Glasses - The ills of life

Glasses - "The ills of life"
chronique Glasses - The ills of life

Sorti chez Vendetta Records l'an passé, je n'ai entendu parler de ce The Ills of life qu'il y a quelques mois seulement ; et c'est bien dommage !

Composé de membres de Perth Express,Trainwreck ou encore 244 GL, Glasses vient donc d'Allemagne et a la particularité d'avoir une voix féminine au micro.

 

Une fois n'est pas coutume, j'ai envie de démarrer ma chronique en vous parlant de l'artwork de ce 12". Car non seulement il est joli (suffit de voir le visuel ci-contre pour apprécier), mais également bien foutu : pensez à un livret CD mais en taille X3, collé en façade du cartonnage qui contient le vinyle. Idée sympathique.

 

Je disais donc, le groupe a non pas un frontman, mais une frontgirl. Enfin bon, il vaut mieux le savoir à l'avance, car on ne s'en rend pas vraiment compte à l'écoute ! Elle hurle constamment, et sa voix est sufisamment grave pour ne même pas se poser la question.

Musicalement, Glasses nous percute en pleine face avec un hardcore bien violent, mais aussi sauvagement rock n'roll. Dès les riffs de "Your Pickles Taste Better Than Mine", on sait que l'on va douiller, mais que c'est bon ! Les plans de guitares sont bien pensés, et loin d'être monotones, en alternant riffs puissants et arpèges qui semblent couler de source.

 

Energique, c'est le mot. Si l'on excepte "Mt. Ashtray" qui cloture la face A, on reste dans un hardcore sauvage la plupart du temps. Et avec les guitares et la voix qui prennent le dessus, on ne fait pas forcément attention à la batterie, qui essaie tant bien que mal de suivre tout ce débordement d'énergie ! On retrouve même une intro quasi similaire sur "Your Pickles Taste Better Than Mine" et "Fullthrottle", seuls les riffs diffèrent. Pas d'énorme originalité rythmiquement parlant donc ; mais ce n'est pas ce que l'on recherche ici.
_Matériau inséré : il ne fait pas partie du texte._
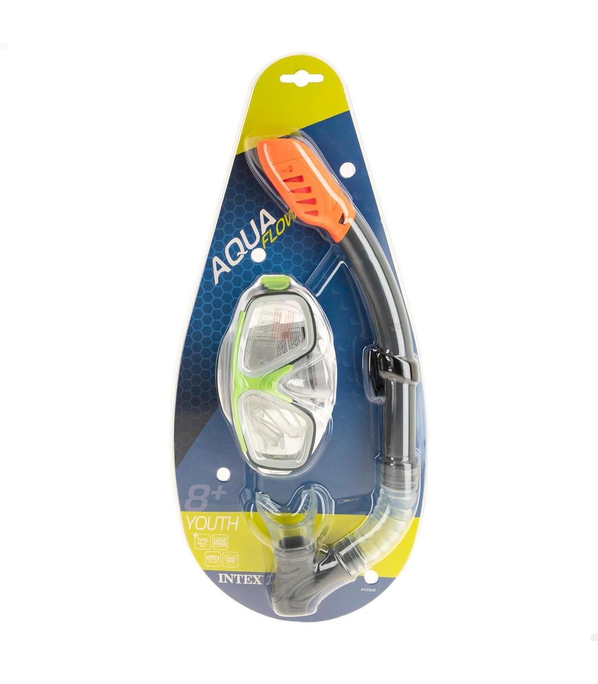 Máscara y tubo de buceo Intex con lentes de policarbonato de color rojo y negro,medidas máscara: 17x21x11,5 cm y tubo: diámetro 3,5 cm y altura 41 cm

Et attention, ne pensez-pas que le disque est monotone : on a tout de même le droit à certaines variations, je pense à ce passage aux riffs de gratte entêtants de "vertigo" qui apportent un côté rock non négligeable par exemple. Mais bon, ne comptez pas avoir une once de mélodie dans la voix pour égayer tout ça : tout est hurlé du début à la fin.

 

Et cerise sur le gateau : le dernier titre, "untitled", est en fait une reprise de "Milk it" de Nirvana, sauce Glasses. Une (bonne) surprise qui ne fait que conforter mon avis sur ce disque. Ça envoie.